Another interesting theme, which we encountered in wines from various domaines across different crus, is a Cabernet Franc-like leafy character towards the back of the palate, which contributes an extra degree of freshness and buvabilité." Will Heslop

Morgon

The vineyards on weinlagen-info


With 1100 ha of vines, Morgon is the second largest Cru after Brouilly, producing wines that are only marginally less powerful than those of Moulin-à-Vent.
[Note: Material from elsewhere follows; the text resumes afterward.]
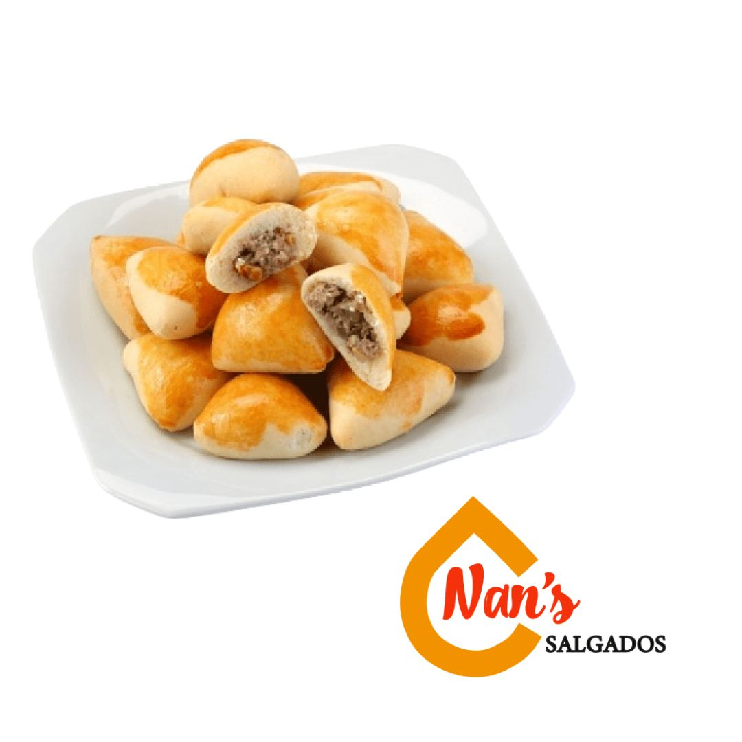 Porção com 10 mini pastéis sabor carne

Certainly Morgon’s are the firmest in the region, with a bouquet of great purity and compact Gamay fruit. Morgon needs more time than other Crus before it can be broached - normally 2-3 years for its most serious exponents – and develop its rich, savoury flavours which lead to a Pinot Noir-like maturity. The ‘Classico’ heart of the Morgon region is the Mont du Py, just south of the commune of Villié-Morgon. The finest wines almost exclusively come from its Côte de Py slope, whose aspect and rich schistous soil contribute to greater ripeness, and yield wines that are denser than anywhere else in the appellation. As you would expect from a region of this size the character and quality of Morgon can vary considerably, but the best are as good, and as sturdy and long-lived, as any other Beaujolais you will find. Recommended Producers: François Calot, Maurice Gaget, Louis-Claude Desvignes.